Your task →
Set down every record below exactly as it stands, with the pictures omitted.

Saved data entries
== == ==

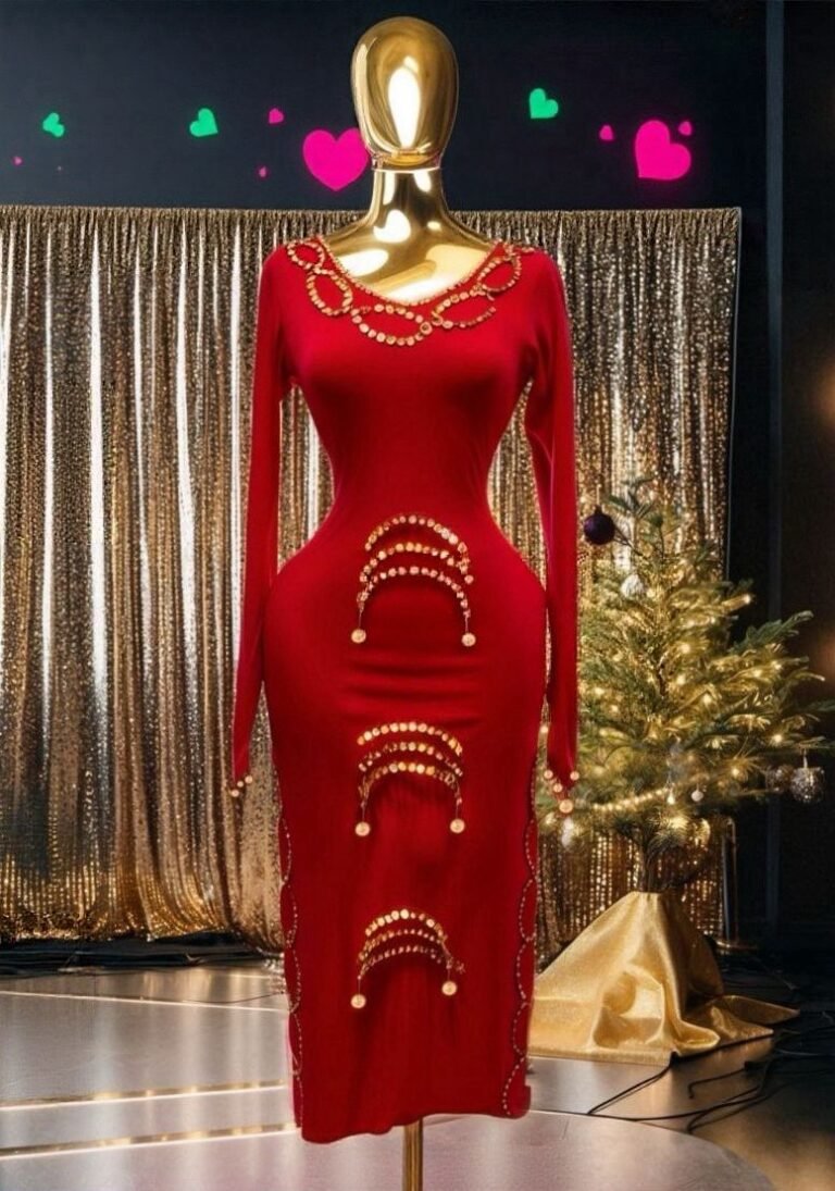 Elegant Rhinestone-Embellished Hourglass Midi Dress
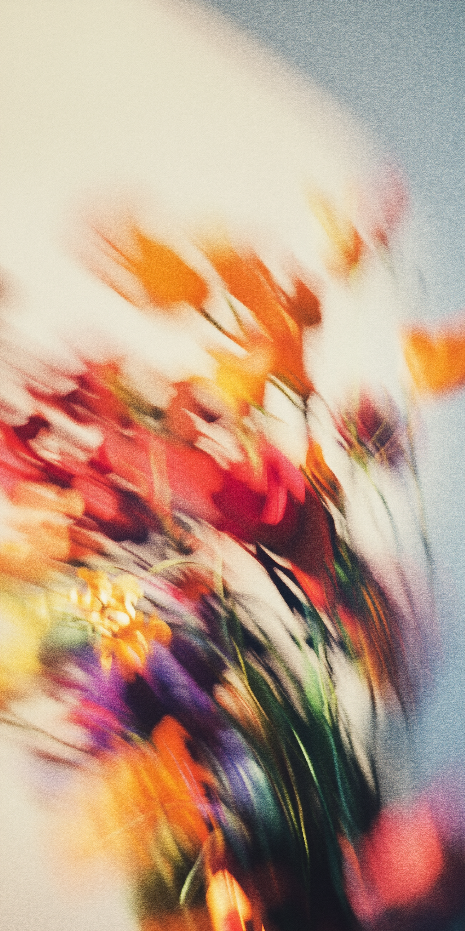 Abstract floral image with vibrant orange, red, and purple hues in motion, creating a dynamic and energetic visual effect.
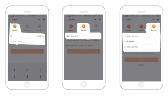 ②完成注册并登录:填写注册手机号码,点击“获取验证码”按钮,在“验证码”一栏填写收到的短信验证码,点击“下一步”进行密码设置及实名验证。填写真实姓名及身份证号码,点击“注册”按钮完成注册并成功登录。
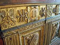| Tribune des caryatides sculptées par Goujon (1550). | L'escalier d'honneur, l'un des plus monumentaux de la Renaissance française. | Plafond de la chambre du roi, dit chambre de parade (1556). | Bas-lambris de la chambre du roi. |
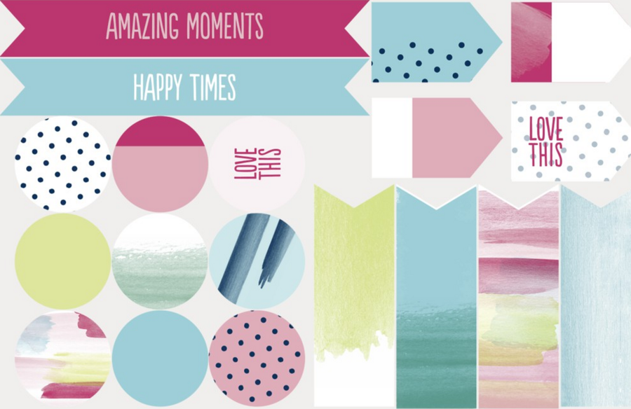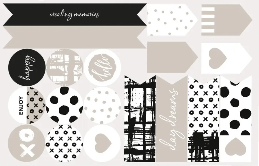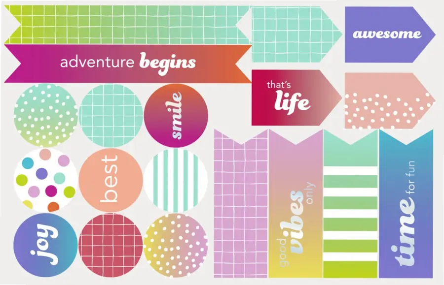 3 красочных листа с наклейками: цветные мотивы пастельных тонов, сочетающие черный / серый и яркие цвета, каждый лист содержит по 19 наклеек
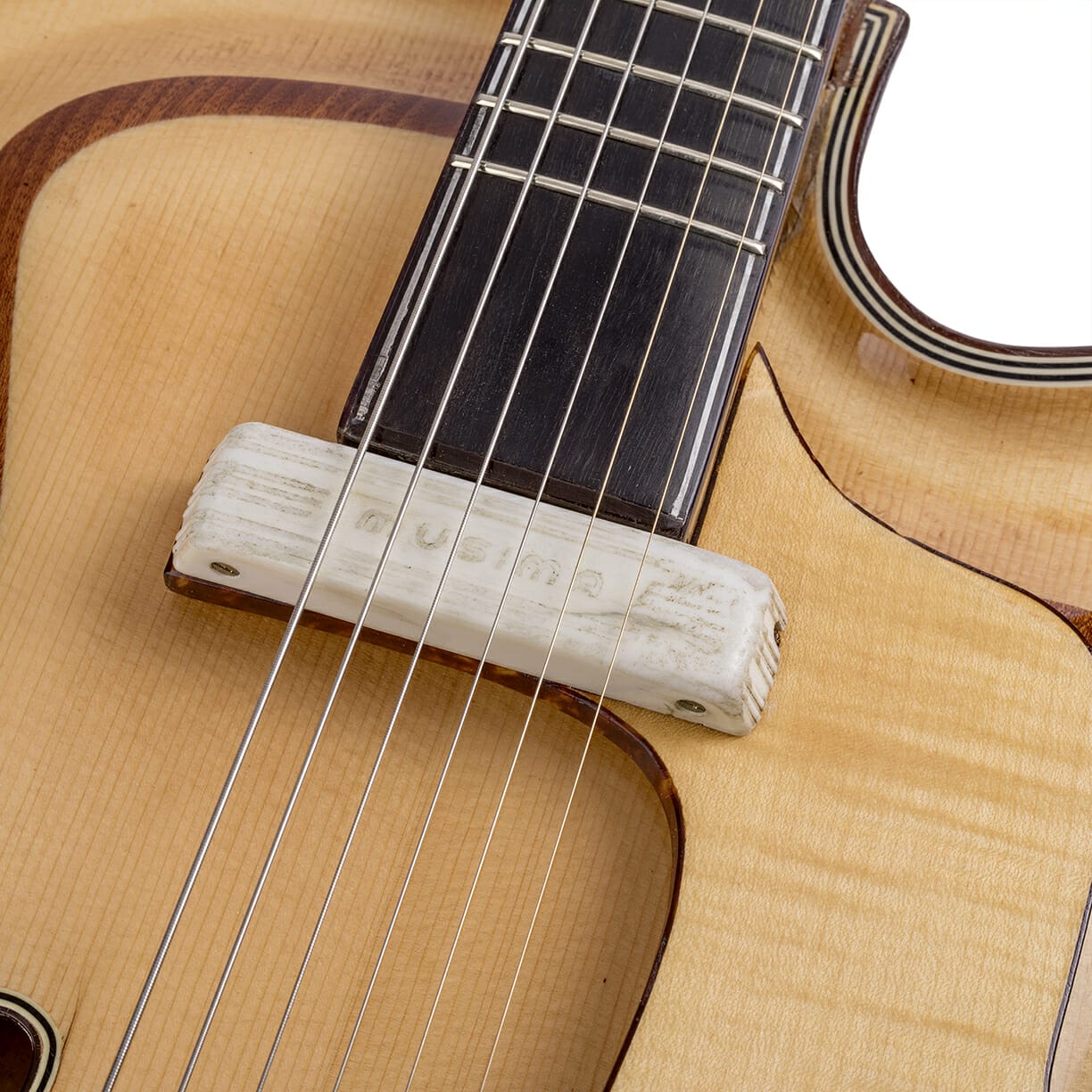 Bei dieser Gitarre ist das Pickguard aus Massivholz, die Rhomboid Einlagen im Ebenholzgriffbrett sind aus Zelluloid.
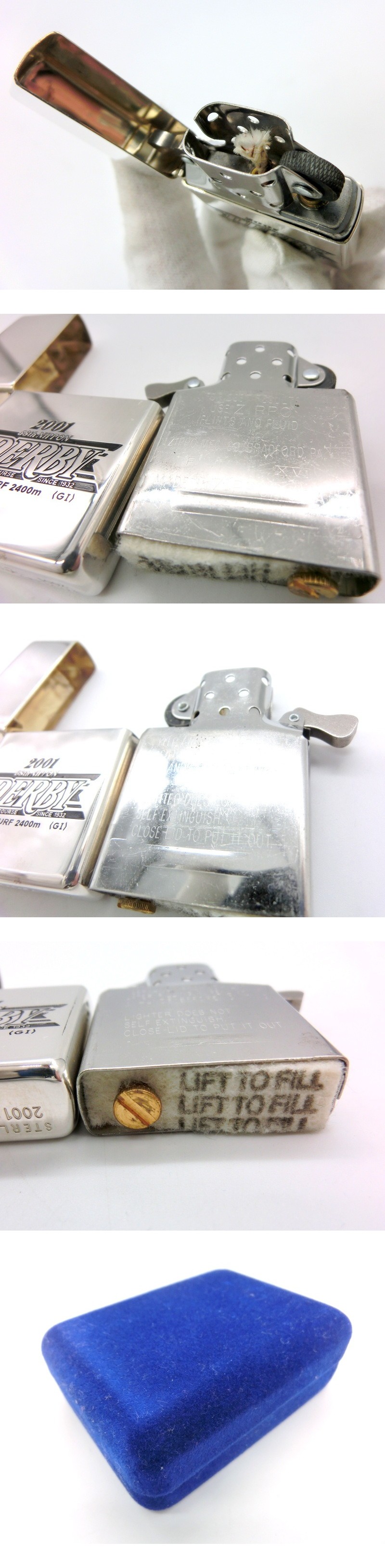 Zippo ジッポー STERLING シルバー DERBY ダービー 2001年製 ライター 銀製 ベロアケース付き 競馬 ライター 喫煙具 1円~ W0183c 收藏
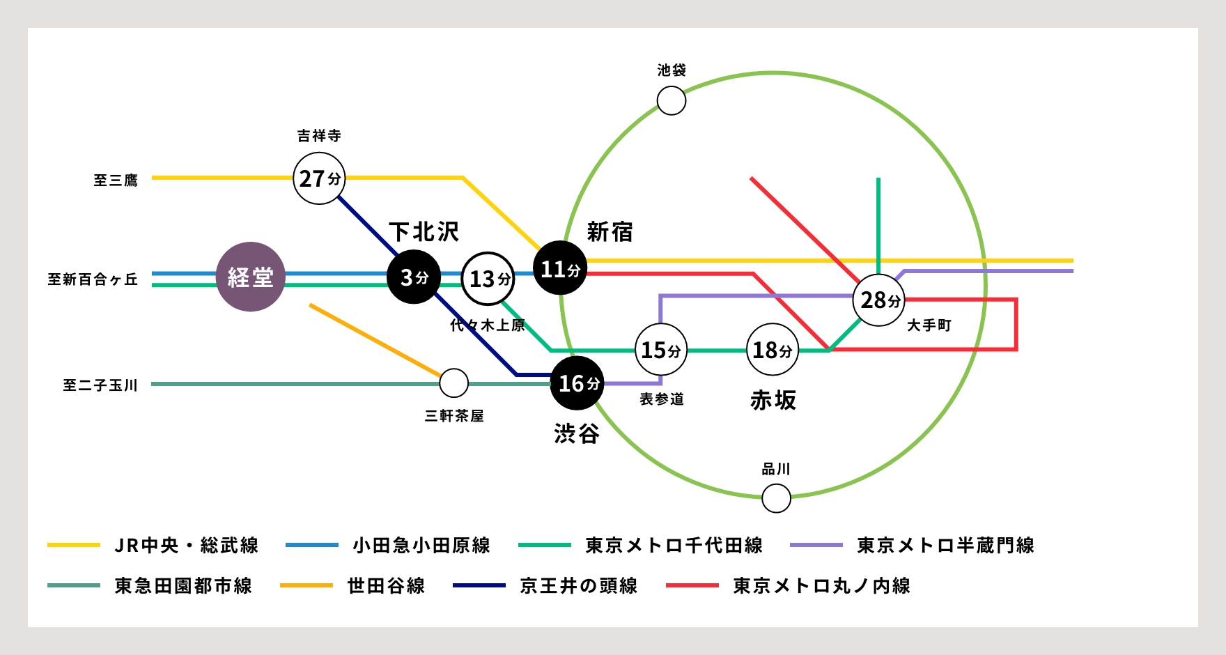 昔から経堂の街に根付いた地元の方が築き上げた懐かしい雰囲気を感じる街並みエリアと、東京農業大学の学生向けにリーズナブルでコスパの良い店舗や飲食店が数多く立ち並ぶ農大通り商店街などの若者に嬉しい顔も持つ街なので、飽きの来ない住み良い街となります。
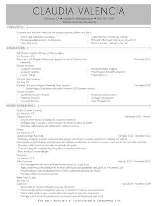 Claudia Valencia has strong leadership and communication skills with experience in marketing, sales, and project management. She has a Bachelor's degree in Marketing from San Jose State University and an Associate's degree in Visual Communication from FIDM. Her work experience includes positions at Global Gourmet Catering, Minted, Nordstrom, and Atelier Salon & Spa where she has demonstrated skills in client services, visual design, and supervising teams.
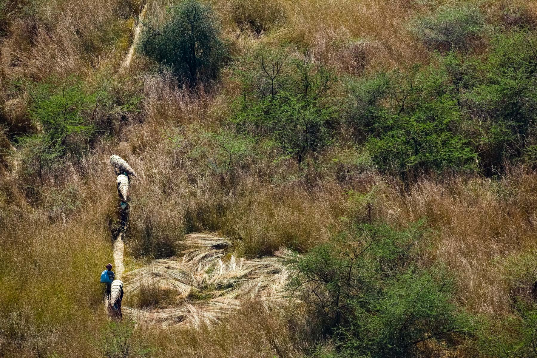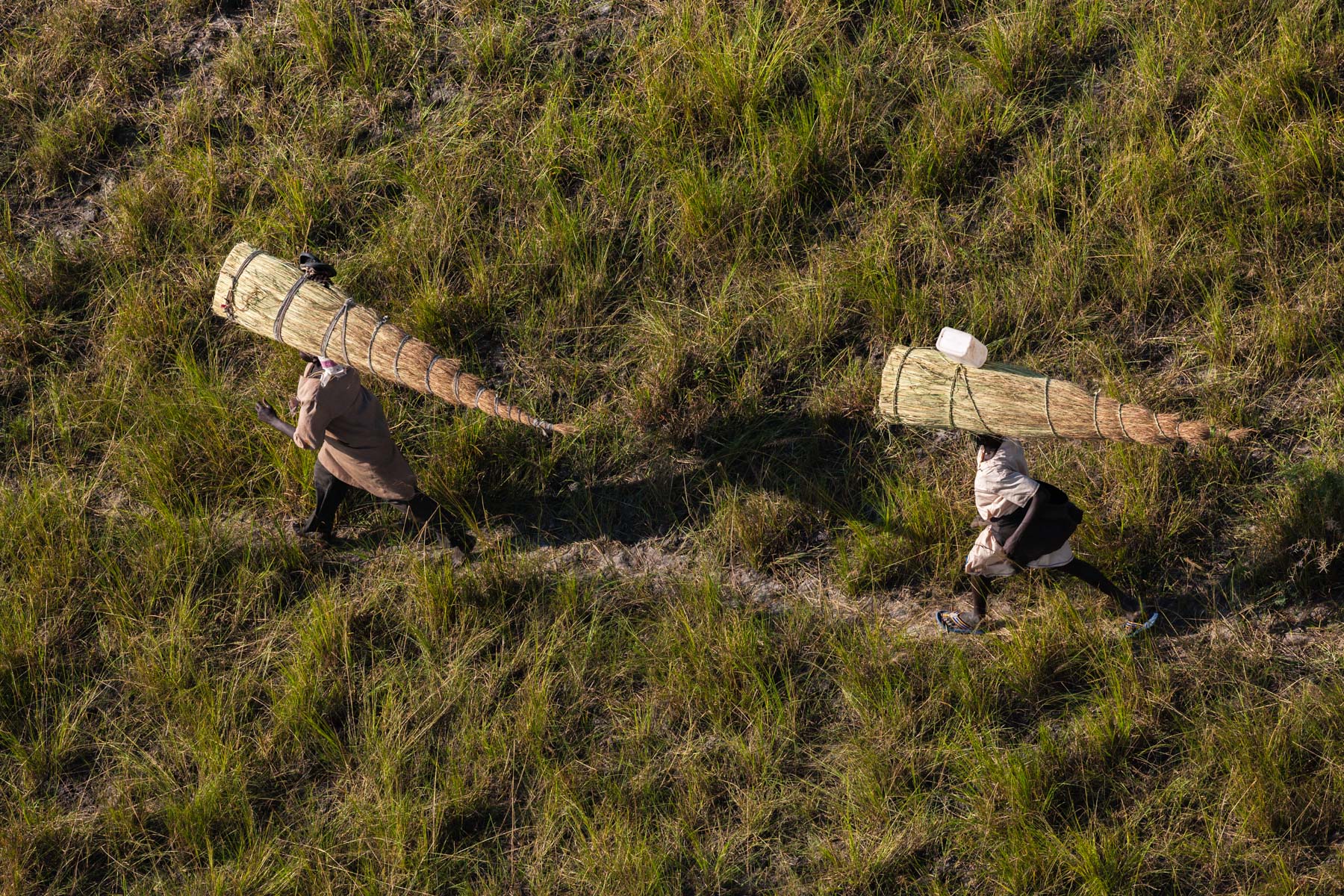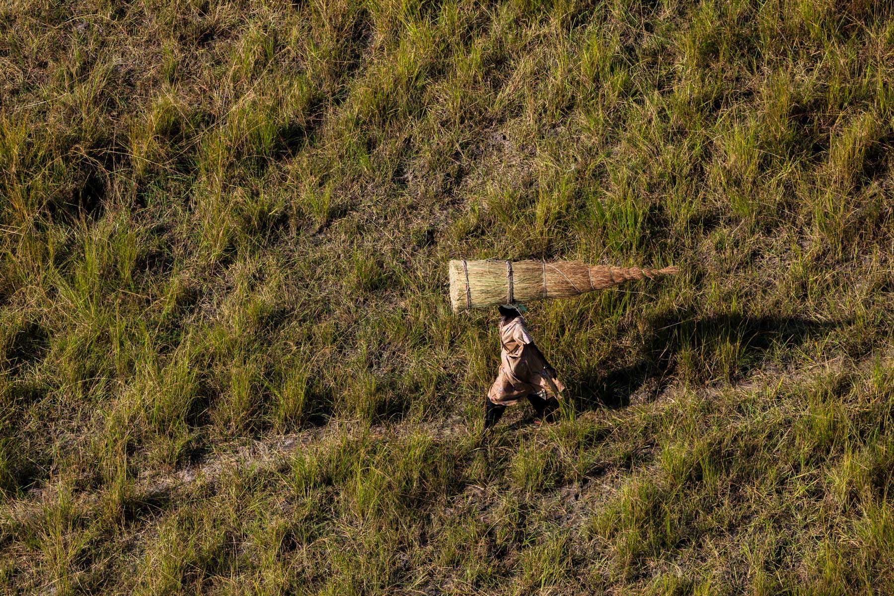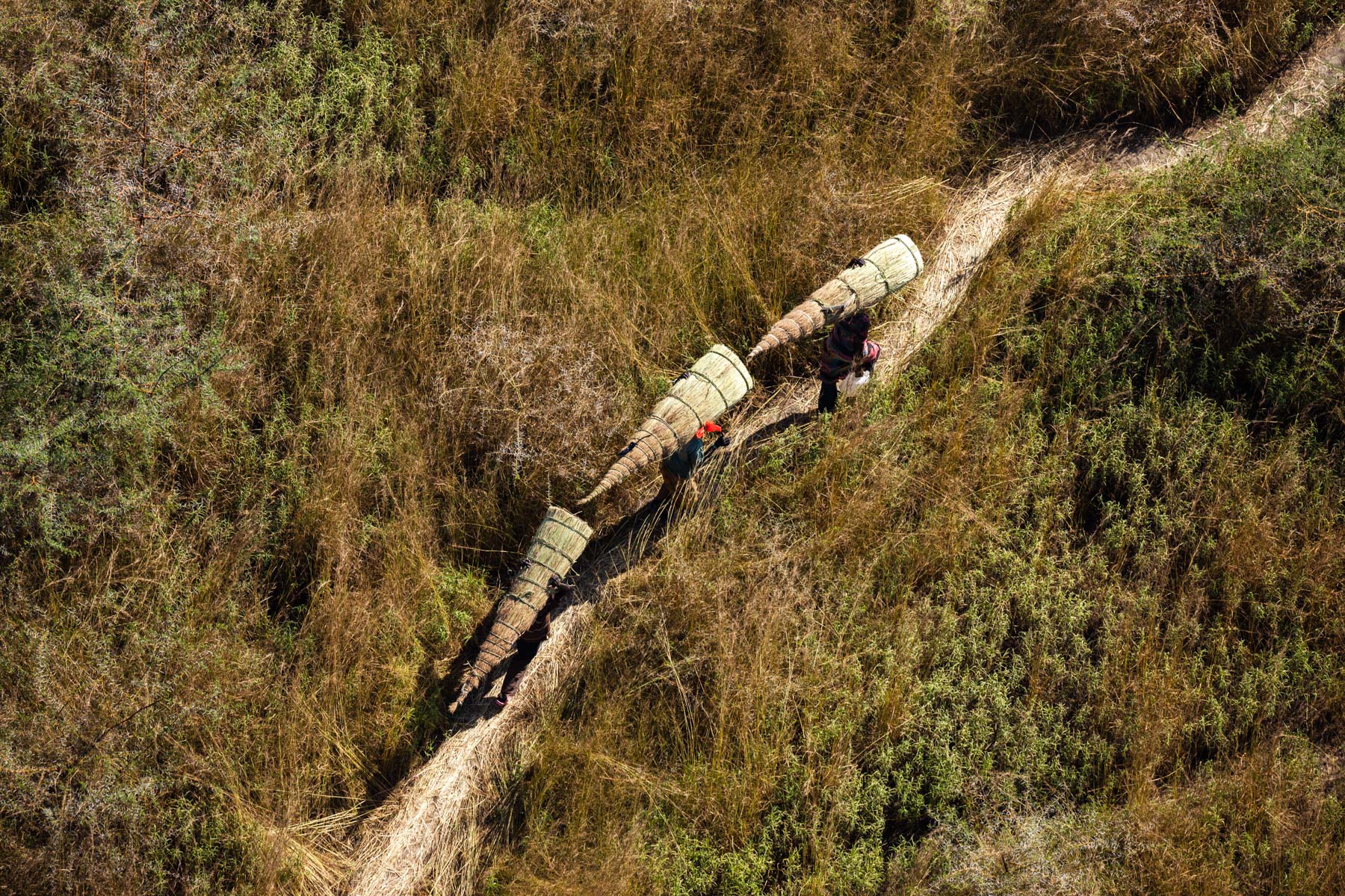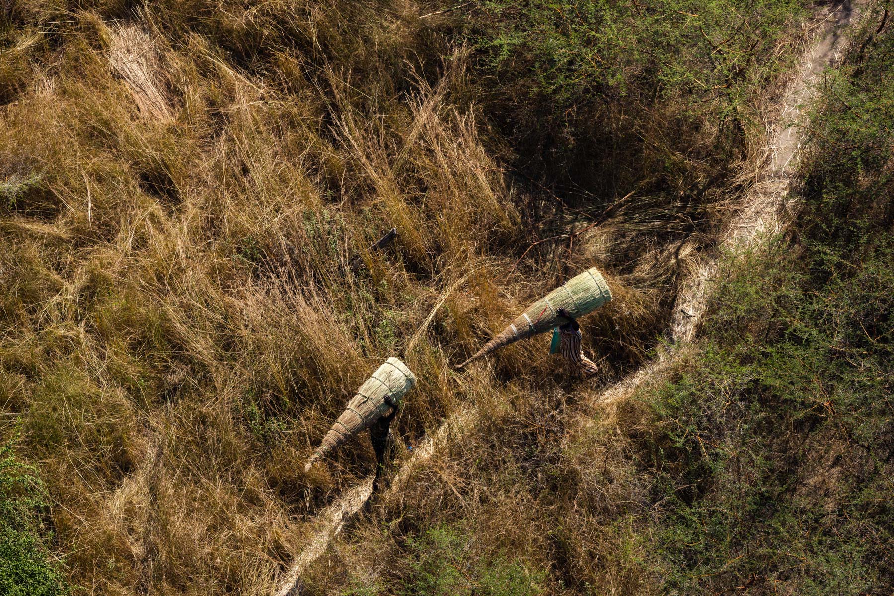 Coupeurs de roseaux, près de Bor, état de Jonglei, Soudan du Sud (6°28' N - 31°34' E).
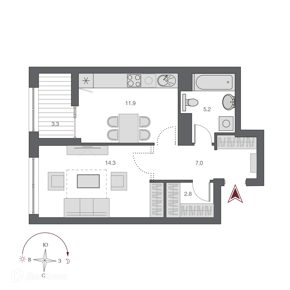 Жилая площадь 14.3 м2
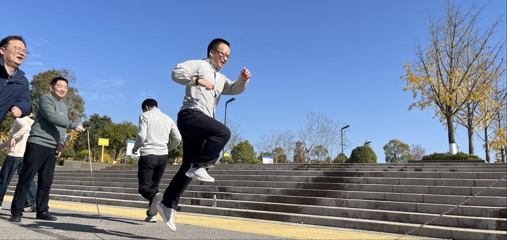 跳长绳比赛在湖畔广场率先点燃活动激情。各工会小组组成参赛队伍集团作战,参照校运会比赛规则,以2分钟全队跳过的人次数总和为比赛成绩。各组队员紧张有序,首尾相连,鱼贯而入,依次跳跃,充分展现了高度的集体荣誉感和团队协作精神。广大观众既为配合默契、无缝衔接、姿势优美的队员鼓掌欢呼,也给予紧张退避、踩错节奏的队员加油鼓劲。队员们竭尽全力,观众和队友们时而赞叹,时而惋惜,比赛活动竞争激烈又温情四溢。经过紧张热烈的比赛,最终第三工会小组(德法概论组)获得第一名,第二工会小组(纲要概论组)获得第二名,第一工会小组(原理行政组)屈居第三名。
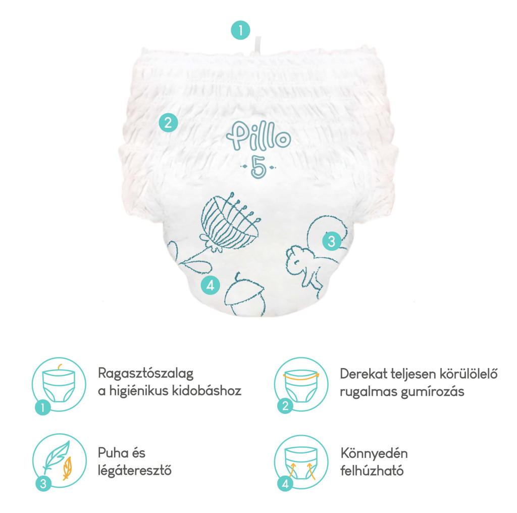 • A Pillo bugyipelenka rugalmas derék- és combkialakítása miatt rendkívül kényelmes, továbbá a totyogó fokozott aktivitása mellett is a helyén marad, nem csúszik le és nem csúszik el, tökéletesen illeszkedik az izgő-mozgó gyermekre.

== == ==

Written solution →
 Elegant Rhinestone-Embellished Hourglass Midi Dress
 Abstract floral image with vibrant orange, red, and purple hues in motion, creating a dynamic and energetic visual effect.
 ②完成注册并登录:填写注册手机号码,点击“获取验证码”按钮,在“验证码”一栏填写收到的短信验证码,点击“下一步”进行密码设置及实名验证。填写真实姓名及身份证号码,点击“注册”按钮完成注册并成功登录。
| Tribune des caryatides sculptées par Goujon (1550). | L'escalier d'honneur, l'un des plus monumentaux de la Renaissance française. | Plafond de la chambre du roi, dit chambre de parade (1556). | Bas-lambris de la chambre du roi. |
 3 красочных листа с наклейками: цветные мотивы пастельных тонов, сочетающие черный / серый и яркие цвета, каждый лист содержит по 19 наклеек
 Bei dieser Gitarre ist das Pickguard aus Massivholz, die Rhomboid Einlagen im Ebenholzgriffbrett sind aus Zelluloid.
 Zippo ジッポー STERLING シルバー DERBY ダービー 2001年製 ライター 銀製 ベロアケース付き 競馬 ライター 喫煙具 1円~ W0183c 收藏
 昔から経堂の街に根付いた地元の方が築き上げた懐かしい雰囲気を感じる街並みエリアと、東京農業大学の学生向けにリーズナブルでコスパの良い店舗や飲食店が数多く立ち並ぶ農大通り商店街などの若者に嬉しい顔も持つ街なので、飽きの来ない住み良い街となります。
 Claudia Valencia has strong leadership and communication skills with experience in marketing, sales, and project management. She has a Bachelor's degree in Marketing from San Jose State University and an Associate's degree in Visual Communication from FIDM. Her work experience includes positions at Global Gourmet Catering, Minted, Nordstrom, and Atelier Salon & Spa where she has demonstrated skills in client services, visual design, and supervising teams.
 Coupeurs de roseaux, près de Bor, état de Jonglei, Soudan du Sud (6°28' N - 31°34' E).
 Жилая площадь 14.3 м2
 跳长绳比赛在湖畔广场率先点燃活动激情。各工会小组组成参赛队伍集团作战,参照校运会比赛规则,以2分钟全队跳过的人次数总和为比赛成绩。各组队员紧张有序,首尾相连,鱼贯而入,依次跳跃,充分展现了高度的集体荣誉感和团队协作精神。广大观众既为配合默契、无缝衔接、姿势优美的队员鼓掌欢呼,也给予紧张退避、踩错节奏的队员加油鼓劲。队员们竭尽全力,观众和队友们时而赞叹,时而惋惜,比赛活动竞争激烈又温情四溢。经过紧张热烈的比赛,最终第三工会小组(德法概论组)获得第一名,第二工会小组(纲要概论组)获得第二名,第一工会小组(原理行政组)屈居第三名。
 • A Pillo bugyipelenka rugalmas derék- és combkialakítása miatt rendkívül kényelmes, továbbá a totyogó fokozott aktivitása mellett is a helyén marad, nem csúszik le és nem csúszik el, tökéletesen illeszkedik az izgő-mozgó gyermekre.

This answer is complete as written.